As many as 500 prison officers could be made redundant as part of a major, fundamental reform of the prison service in the North.

There is a severance package being proposed as one of the recommendations in an interim report published by a review team.

It found that almost 1,800 prison officers work in Northern prisons - plus just over 400 civilian staff - with fewer than 1,600 prisoners to supervise.

The annual cost of keeping a prisoner is £95,000 - more than double the cost in England, Scotland and Wales.

However, the report published today labels NI's prison service as demoralised and ineffective.

Stormont Justice Minister David Ford published the interim report by the Prison Review Team led by Dame Anne Owers.

In a statement to the Assembly, Minister Ford said that the case for fundamental transformation of the Northern Ireland Prison Service (NIPS) couldn't be avoided.

"While this report will be uncomfortable reading for many, it once again makes the compelling case that the prison service has to change and cannot continue in its current form," he said.

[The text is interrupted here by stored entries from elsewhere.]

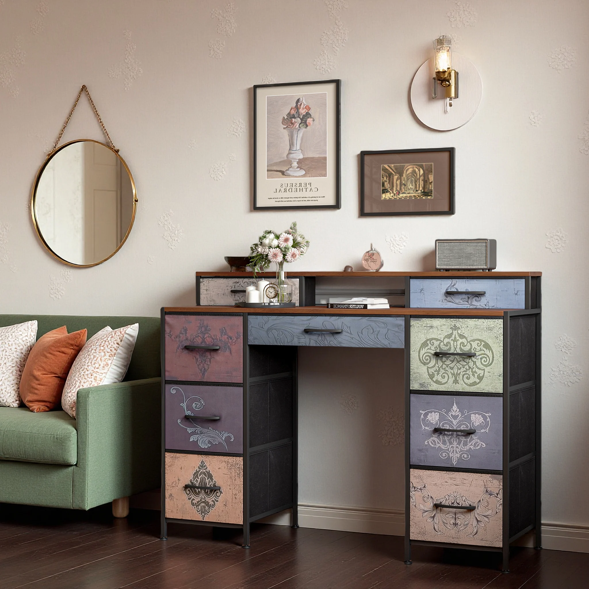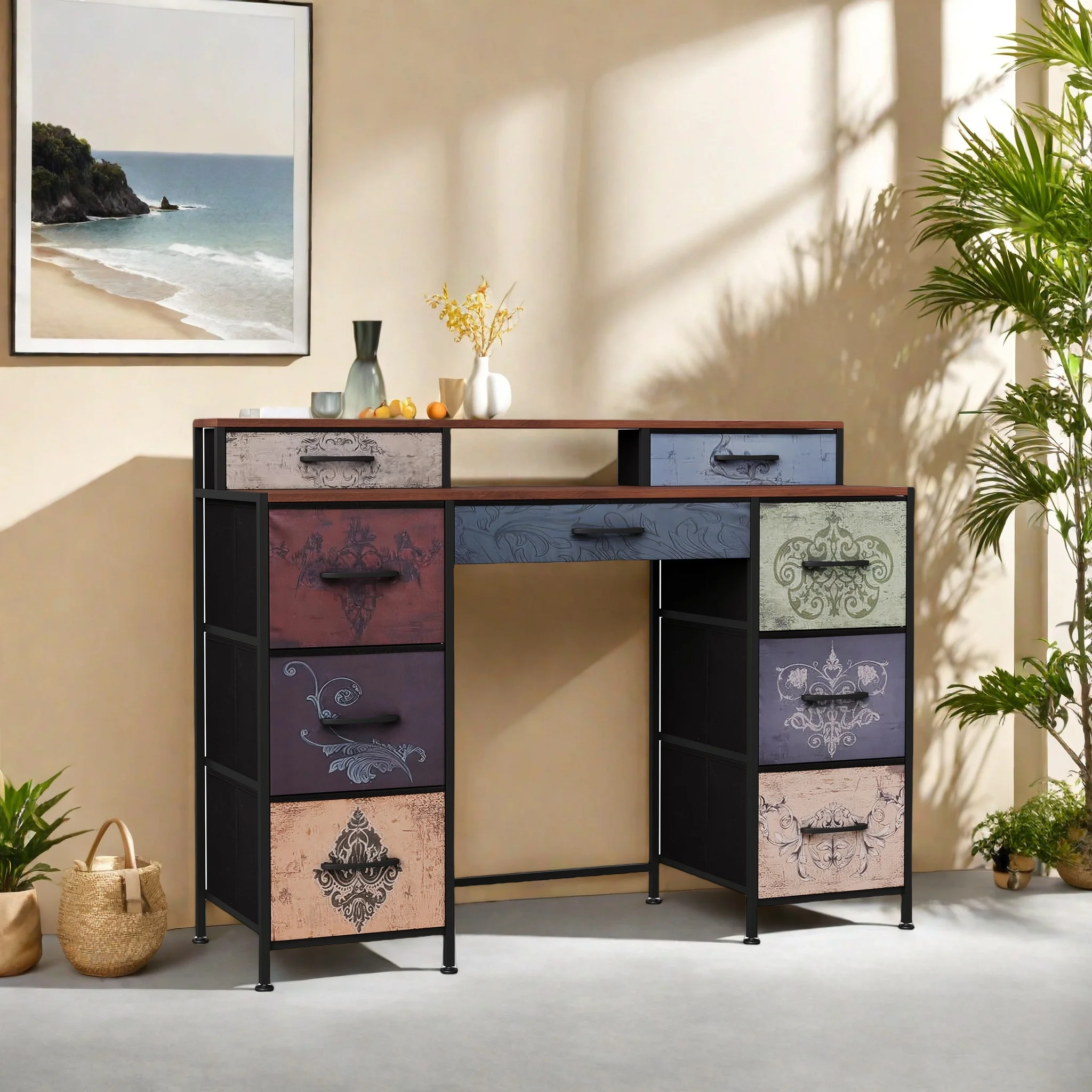 Туалетный столик без зеркала, комод с 9 ящиками, Макияжный столик в стиле ретро с деревянным подносом, для спальни, гостиной, прихожей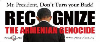 Сообщение на щитах в Уотертауне – это послание к президенту Обаме, призывающее его выполнить свое обещание, данное в ходе своей кампании 2008 года - признать Геноцид армян.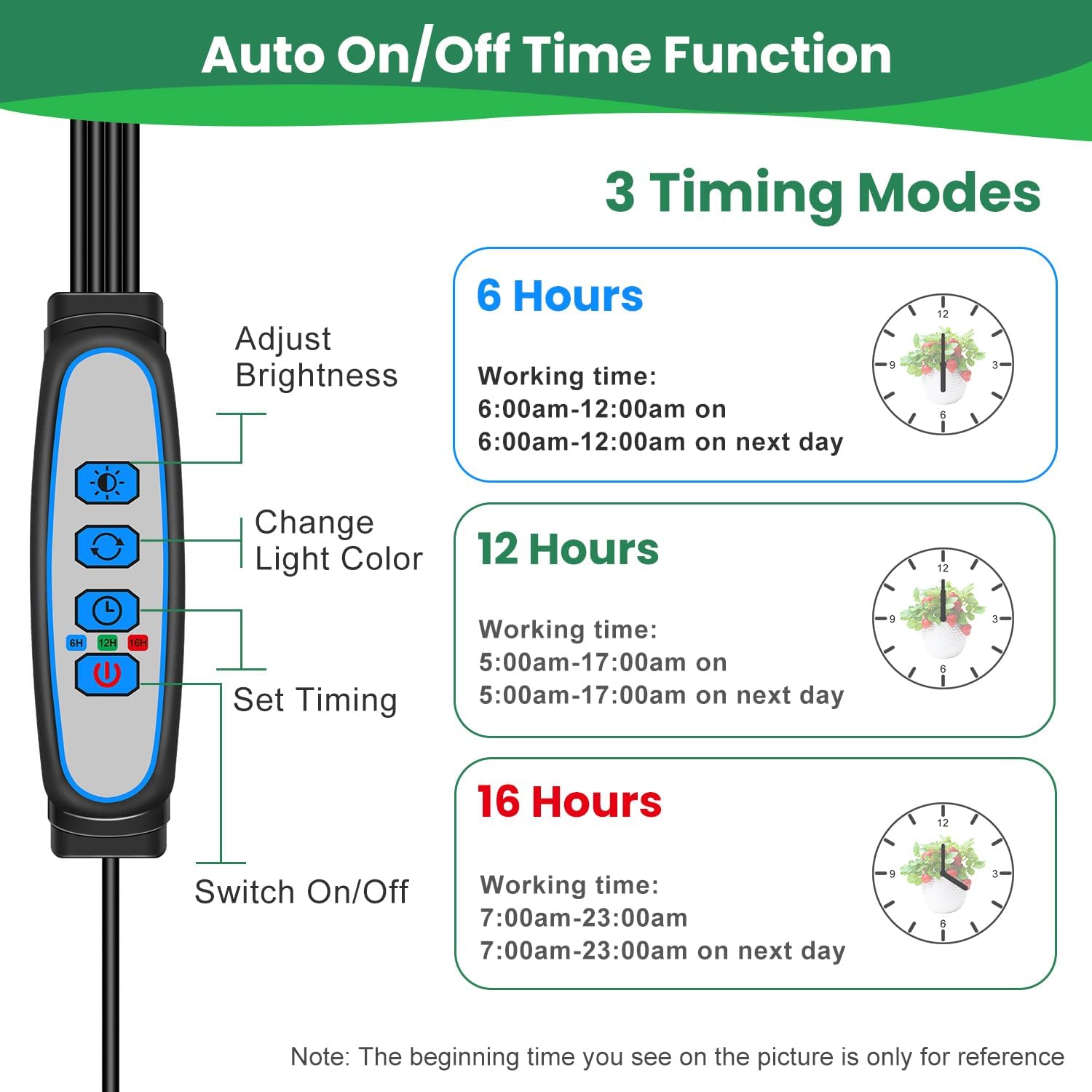 • [Auto On or Off & Precise Timer] The plant light with automatic memory timing function can be automatically turned on/off every day according to your settings (6H 12H 16H) requires no manual operation. The grow light will be convenient to take good care of your plants when you go out to work or on vacation

In accepting the findings of the report, the Minister said that for too long in the past there was no political will to reform the service but now under devolution, there is both the challenge and the opportunity to deliver fundamental change.

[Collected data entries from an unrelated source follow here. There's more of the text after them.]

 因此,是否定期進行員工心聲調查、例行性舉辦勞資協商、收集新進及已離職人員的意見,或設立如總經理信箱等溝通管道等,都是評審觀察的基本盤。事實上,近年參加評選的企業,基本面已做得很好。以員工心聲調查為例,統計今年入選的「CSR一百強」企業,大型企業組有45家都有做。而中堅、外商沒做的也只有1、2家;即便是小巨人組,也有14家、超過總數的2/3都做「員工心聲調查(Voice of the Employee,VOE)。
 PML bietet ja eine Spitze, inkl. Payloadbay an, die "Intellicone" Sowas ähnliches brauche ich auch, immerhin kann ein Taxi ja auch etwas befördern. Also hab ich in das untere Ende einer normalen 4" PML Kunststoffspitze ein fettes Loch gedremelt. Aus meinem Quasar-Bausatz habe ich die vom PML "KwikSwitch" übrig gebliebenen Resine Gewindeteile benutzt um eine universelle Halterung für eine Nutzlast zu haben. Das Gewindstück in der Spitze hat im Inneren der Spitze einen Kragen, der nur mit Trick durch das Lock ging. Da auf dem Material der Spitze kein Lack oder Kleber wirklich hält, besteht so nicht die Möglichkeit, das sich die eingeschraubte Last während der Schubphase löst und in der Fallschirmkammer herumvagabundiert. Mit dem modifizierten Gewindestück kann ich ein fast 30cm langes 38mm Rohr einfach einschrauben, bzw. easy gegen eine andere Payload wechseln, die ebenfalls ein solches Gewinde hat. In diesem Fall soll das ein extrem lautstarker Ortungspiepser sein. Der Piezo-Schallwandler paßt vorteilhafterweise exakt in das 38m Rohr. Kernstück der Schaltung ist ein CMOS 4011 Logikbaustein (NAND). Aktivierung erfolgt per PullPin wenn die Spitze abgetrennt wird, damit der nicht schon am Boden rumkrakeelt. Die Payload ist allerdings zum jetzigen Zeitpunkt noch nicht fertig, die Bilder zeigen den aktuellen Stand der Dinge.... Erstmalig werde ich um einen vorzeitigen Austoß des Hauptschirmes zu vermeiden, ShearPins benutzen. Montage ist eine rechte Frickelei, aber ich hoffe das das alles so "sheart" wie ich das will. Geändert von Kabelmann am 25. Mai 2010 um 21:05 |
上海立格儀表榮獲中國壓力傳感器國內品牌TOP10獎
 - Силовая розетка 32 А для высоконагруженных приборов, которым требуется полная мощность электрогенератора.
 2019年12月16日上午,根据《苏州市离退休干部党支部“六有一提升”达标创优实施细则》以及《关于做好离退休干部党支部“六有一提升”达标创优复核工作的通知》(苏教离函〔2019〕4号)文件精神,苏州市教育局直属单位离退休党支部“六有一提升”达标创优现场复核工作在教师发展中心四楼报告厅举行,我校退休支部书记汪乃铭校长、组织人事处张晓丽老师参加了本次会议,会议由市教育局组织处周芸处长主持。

He said: "The NIPS of the future must be smaller, more cost effective and dedicated to work with prisoners in their care to address their offending behaviour.

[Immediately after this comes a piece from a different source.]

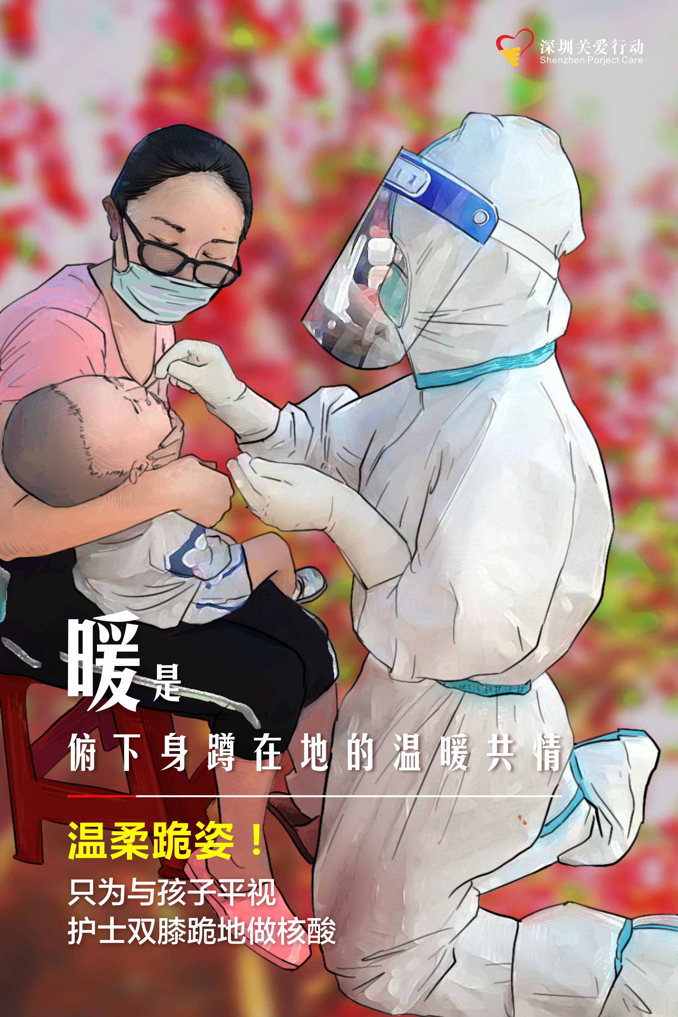 6月7日下午3點半左右,寶安區沙井街道沙二社區,深圳中西醫結合醫院的楊海萍作為晚班核酸檢測人員早早趕到現場,著手準備好各項工作后,緊張投入為社區居民進行核酸檢測的工作中。楊海萍雙膝跪地為大人懷中的嬰兒進行核酸檢測的照片在網上刷屏。楊海萍坦言,“可能是因為看到我們穿成這樣,輪到孩子們時,小孩一見到我就緊張,部分還會嚎啕大哭,為了減少他們的恐懼和痛苦,我就選擇了這樣的姿勢,只是覺得這樣可以平視孩子的眼睛,更溫柔地跟他們對話?!睏詈F颊f道。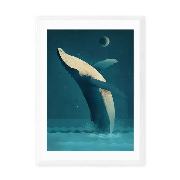 * Artwork by Dieter Braun* Animals style* Printed on 210gsm acid-free archival paper* Available in A1, A2, A3 & A4 sizes* Frames available: black, white and oak effect* You can buy the print unframed too! Elegance at its finest. This humpback whale is jumping out of the water in hopes of jumping onto your wall. The rich blue and green tones will look great as a statement piece within your home. You are able to customise the size and frame for this print! Choose from a variety of frame options and then pick your size. This way you can find the best design to suit your home interior. Each piece of artwork has gone through a giclee printing process which will help the print stay vibrant for years to come to keep your home looking fresh.

"There is a great distance to travel to get to that point but central to making those changes, is the introduction of an exit scheme that will allow those who want to leave the service to go with dignity. That work is ongoing within the Department," he continued.

"This interim report also makes it clear that as a society, we must look at how to prevent crime and how we manage offenders in the system and challenge their offending behaviour.

"That is a challenge not just for the Department of Justice, but for society as a whole and the Assembly must fully support the vision set out in today's report if we are to turn in into a reality."

The process has already started, with a letter sent to all prison officers today setting out the need for change, and confirming that a redundancy scheme will be launched in the autumn.

The Minister acknowledged that the Prison Service, with a newly appointed Director General, was rolling out a programme of change.

"The Strategic Efficiency and Effectiveness Programme (SEE Programme) will be vehicle used by the Prison Service to deliver the transformational change that is demanded by this report.

"We have a clear direction of travel, and Dame Anne and her team have helpfully identified those areas where specific recommendations are likely to be brought forward in their final report to be published before the summer," he continued.

Meanwhile, the Director General of the Northern Ireland Prison Service also welcomed the publication of the interim report.

Colin McConnell said: "This is a critical time for NIPS as we struggle to reconcile the legacy of the past with our desire and determination to get things right for the future.

"This interim report recognises and confirms the many difficulties that managers, staff and offenders have to deal with on a day to day basis when living and working in the prison environment.

"I wholeheartedly welcome the interim report from Dame Anne Owers and her team.

"The report establishes once and for all that there is an unquestionable case for NIPS to launch an all-embracing transformation programme.

"Helpfully at this stage, Dame Anne has identified where the early signposts for that change programme should be leading us to and, as the Justice Minister has said, NIPS is now beginning to respond to that need for a fundamental change in direction. NIPS is at a cross-roads and this report clearly points out for us the route for the journey ahead."